Content starts
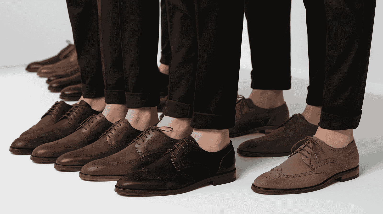 - Best styles: Tan brogues, cognac loafers, chocolate suede boots
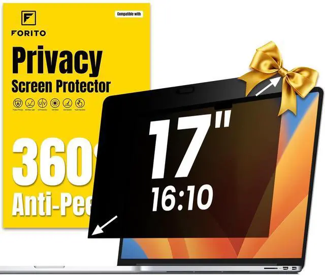 Compatible Model This 17 inch laptop privacy screen is specially compatible with 17" laptops with 16:10 aspect ratio. Please verify your computer screen's length and width measurements before ordering ^^ Upgraded 360 Anti-Peeping Film With its innovative 360 privacy design, F FORITO 17 inch privacy screen for laptop offers unparalleled protection for your personal information. By effectively restricting the viewing angle to only the user in front, it prevents unauthorized individuals from seeing your display from the sides or behind ^^ Prioritize Eye Health This 17 inch computer privacy screen protects your eyes with anti-glare and anti-blue light technology.
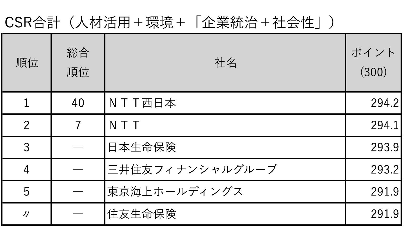 東洋経済新報社「財務・企業評価チーム」が作成。対象は『CSR企業総覧(雇用・人材活用編)(ESG編)』2026年版掲載の1656社(上場1578社、未上場78社)。調査は2025年6~10月に実施。CSR分野の「人材活用」(100点満点)、「環境」(同)、「企業統治+社会性」(「企業統治」と「社会性」の合計で100点満点)の3つ(計300点満点)に、「財務」(収益性、安全性、規模、各100点。計300点満点)を加え、総合ポイント600点満点で評価。「財務」以外の項目は基本的にアンケート内容を基に評価している。ただし、一部アンケート未回答でも公開情報のみで評価を行っている企業もある。評価は原則として加点方式で行い、回答内容による減点はない。「人材活用」「環境」「企業統治+社会性」の得点はトップ企業を100点に調整。「財務」は多変量解析の主成分分析手法を用い、収益性、安全性、規模の3つの分野で評価している。
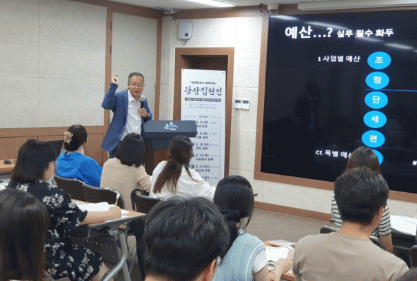 이어 7 부터 8월 추진할 하반기 과정은 △보고서작성 기초와 실습 △지출 기초와 실습 △계약 △시설공사 △민간경상보조금 정산 5개 과정으로 구성했다.
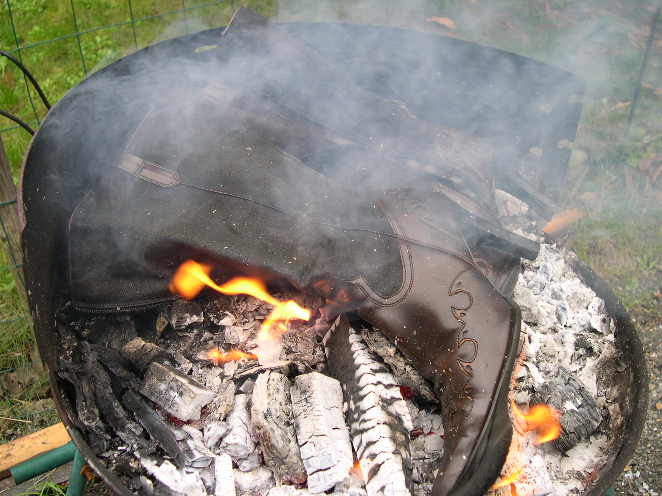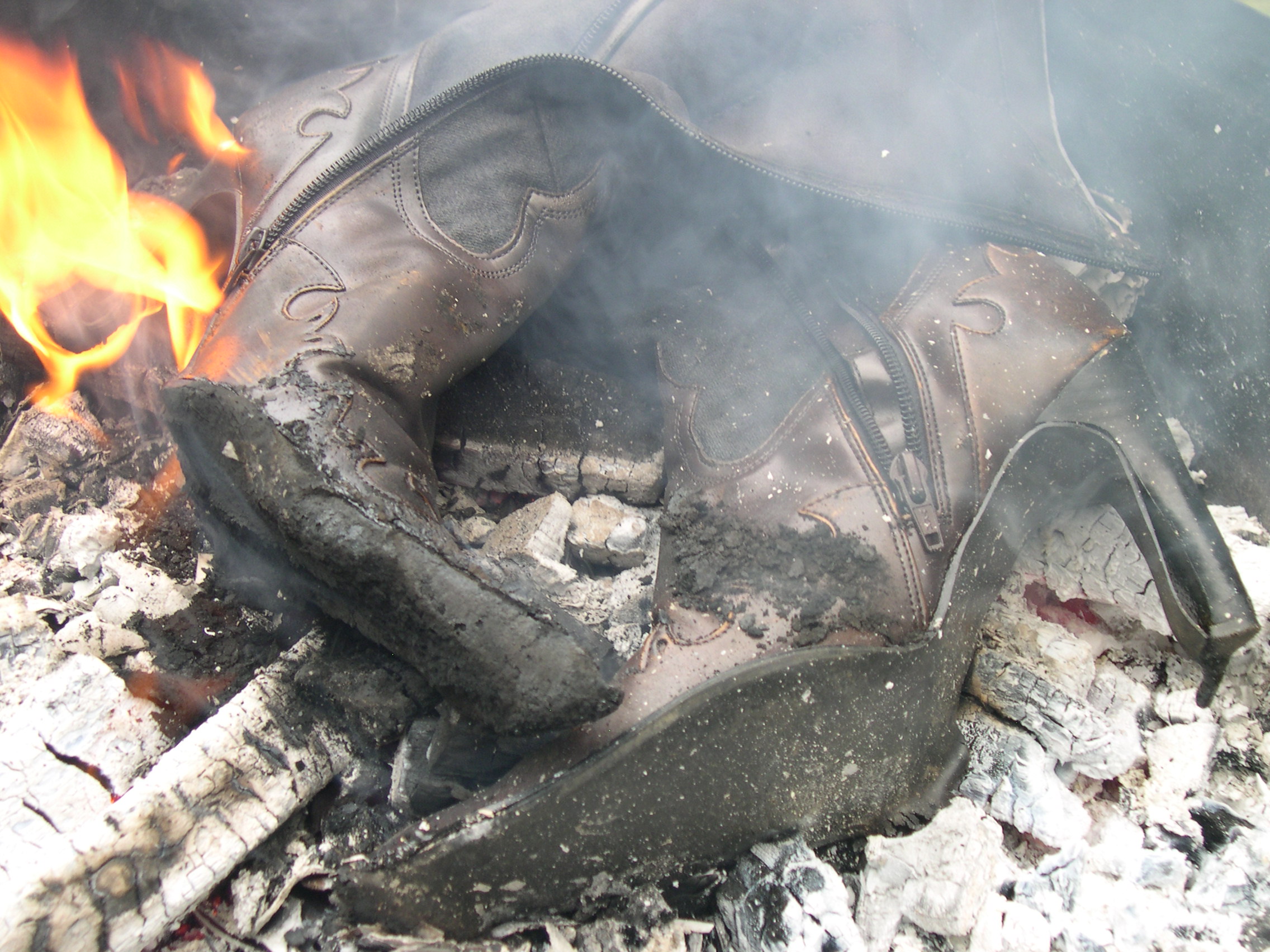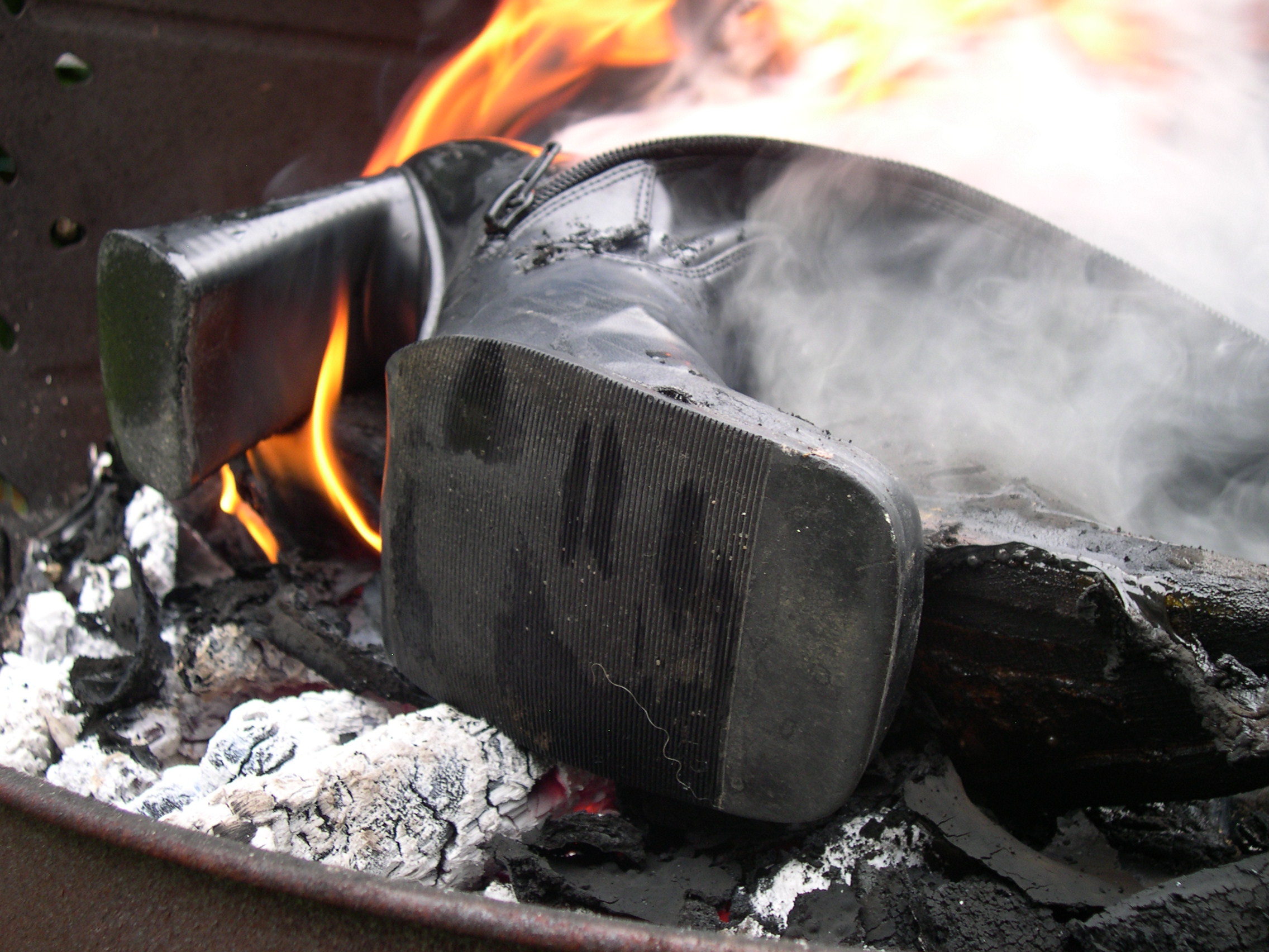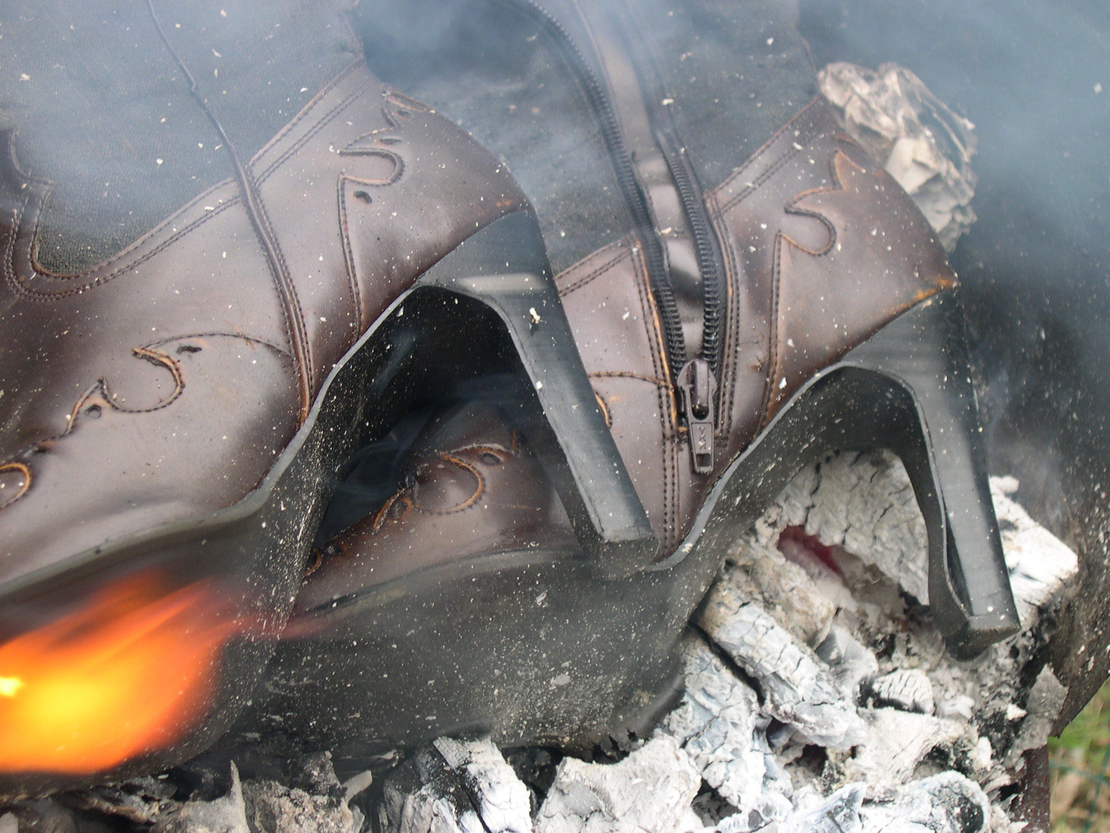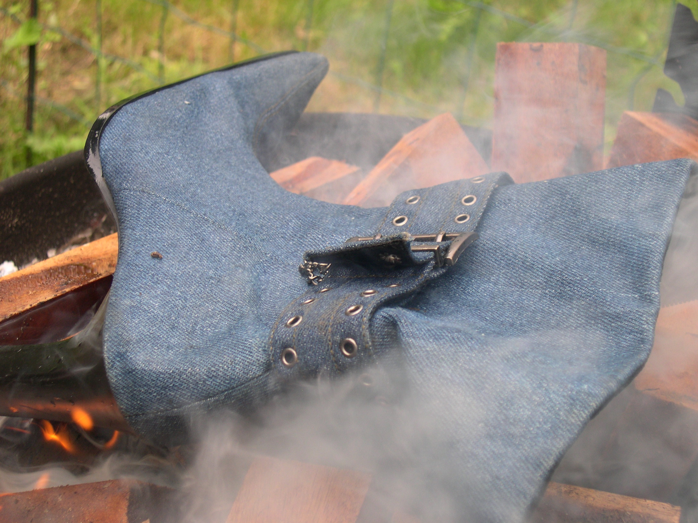die Stiefel haben ja einiges mitgemacht bevor sie dem Feuer geopfert wurden. Da schlägt das Herz und der Prügel ganz schön.
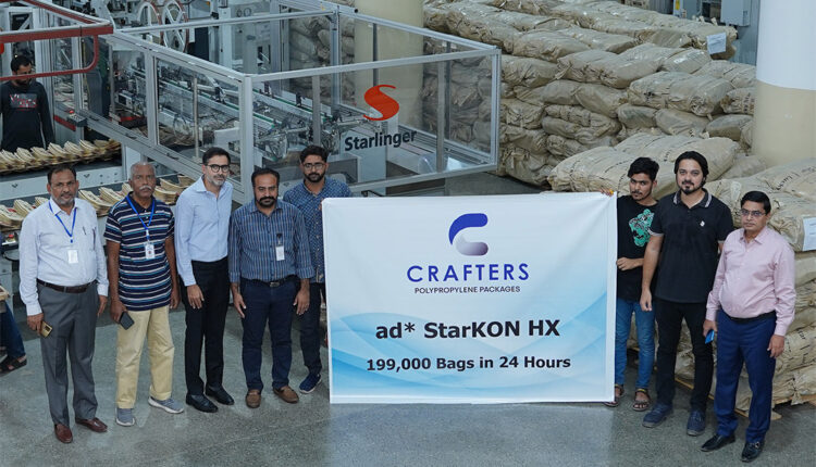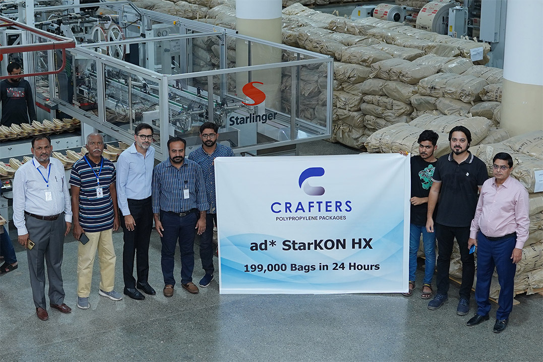 By producing 199,000 AD*STAR block bottom sacks in 24 hours on a single conversion line, Crafters Polypropylene Packages (PVT) Ltd. has achieved a production record that has never been reached before for this type of sack.
Content ends
- _Directions for this task_
The entries above, without their pictures, should be written out exactly.

- _Exercise solution_
 - Best styles: Tan brogues, cognac loafers, chocolate suede boots
 Compatible Model This 17 inch laptop privacy screen is specially compatible with 17" laptops with 16:10 aspect ratio. Please verify your computer screen's length and width measurements before ordering ^^ Upgraded 360 Anti-Peeping Film With its innovative 360 privacy design, F FORITO 17 inch privacy screen for laptop offers unparalleled protection for your personal information. By effectively restricting the viewing angle to only the user in front, it prevents unauthorized individuals from seeing your display from the sides or behind ^^ Prioritize Eye Health This 17 inch computer privacy screen protects your eyes with anti-glare and anti-blue light technology.
 東洋経済新報社「財務・企業評価チーム」が作成。対象は『CSR企業総覧(雇用・人材活用編)(ESG編)』2026年版掲載の1656社(上場1578社、未上場78社)。調査は2025年6~10月に実施。CSR分野の「人材活用」(100点満点)、「環境」(同)、「企業統治+社会性」(「企業統治」と「社会性」の合計で100点満点)の3つ(計300点満点)に、「財務」(収益性、安全性、規模、各100点。計300点満点)を加え、総合ポイント600点満点で評価。「財務」以外の項目は基本的にアンケート内容を基に評価している。ただし、一部アンケート未回答でも公開情報のみで評価を行っている企業もある。評価は原則として加点方式で行い、回答内容による減点はない。「人材活用」「環境」「企業統治+社会性」の得点はトップ企業を100点に調整。「財務」は多変量解析の主成分分析手法を用い、収益性、安全性、規模の3つの分野で評価している。
 이어 7 부터 8월 추진할 하반기 과정은 △보고서작성 기초와 실습 △지출 기초와 실습 △계약 △시설공사 △민간경상보조금 정산 5개 과정으로 구성했다.
die Stiefel haben ja einiges mitgemacht bevor sie dem Feuer geopfert wurden. Da schlägt das Herz und der Prügel ganz schön.
 By producing 199,000 AD*STAR block bottom sacks in 24 hours on a single conversion line, Crafters Polypropylene Packages (PVT) Ltd. has achieved a production record that has never been reached before for this type of sack.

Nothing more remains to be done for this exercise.